Further, Arroyo called for increases in city charges for certain permits, such as those for underground installations, including 5G upgrades for internet service. Workers handling such projects “often hit water mains,” he pointed out. “It’s a Florida problem.”
Moreover, he said, contractors “have told me our fee is quite low, comparatively.”
Another idea, he continued, is to eliminate the city’s Parking Division and then pay an outside firm to handle the work of that division’s employees.
Yet another recommendation, Arroyo said, is to require city employees who continue working past the point when they are vested in their retirement plans to keep contributing to those plans.
He also advocated for eliminating the hiring of consultants, and he called for finding a way to reduce the approximately $10 million a year the city pays for outreach to the homeless, including medical treatment claims
Finally, Arroyo said he wants to see the city reduce redundancies in departments. For examples, he said, “The city has an IT [information technology] department; the Police Department has an IT department. The city has a payroll department; the Police Department has a payroll department.”
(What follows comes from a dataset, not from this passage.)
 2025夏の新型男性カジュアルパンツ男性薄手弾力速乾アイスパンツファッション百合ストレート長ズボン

“We can consolidate them, and the results will be tremendous,” he added, though he noted that employees would not have to be terminated.
Taking his turn, Mayor Brady said, “A lot of [the FY 2022] budget issues are predictable,” with the city having taken “a hit” during the pandemic.
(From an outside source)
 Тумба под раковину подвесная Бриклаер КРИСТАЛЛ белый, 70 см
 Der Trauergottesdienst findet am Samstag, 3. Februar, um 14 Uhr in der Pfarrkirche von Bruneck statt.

“I’d like to see us get to a point where we’re stable,” he continued, meaning staff would not have to pull money from some departments to plug “budget holes” in others.
As for the loss of the county funding for the parks: Brody pointed out that he had suggested in the past that staff plan for that. “But here we are.”
In regard to property taxes, he asked Finance Director Strickland whether she was certain the increase in value this year would be 3.8%.
“We won’t know until June 1,” she replied, reminding him that, by that date, the state requires the release of preliminary property values. July 1, she added, is the date for the final figures to be released for budget-planning purposes.
Brody said he also opposes any fee increases for the 2022 fiscal year. In fact, he continued, he would like to see the city lower not just its fees but also its tax rate.
Further, Brody indicated his support for eliminating the city’s business tax. No reason exists, he said, for the city not to allow business owners “to keep more money in their pocket.”
During election season, Brody pointed out, candidates often discuss repealing the business tax. “But it never comes up at the commission. I’d like to have a conversation about it.”
On one of its webpages, the city says, “Businesses and licensed professionals operating within the City limits of Sarasota must pay a business tax. This includes anyone doing business out of their home, if the home is located within the City limits. A Business Tax paid for an office does not cover professionals working in that office. Each person engaged in an occupation requiring a state license must pay a Professional Business Tax.
“The Business Tax is required to be paid when the business begins operations,” the webpage adds.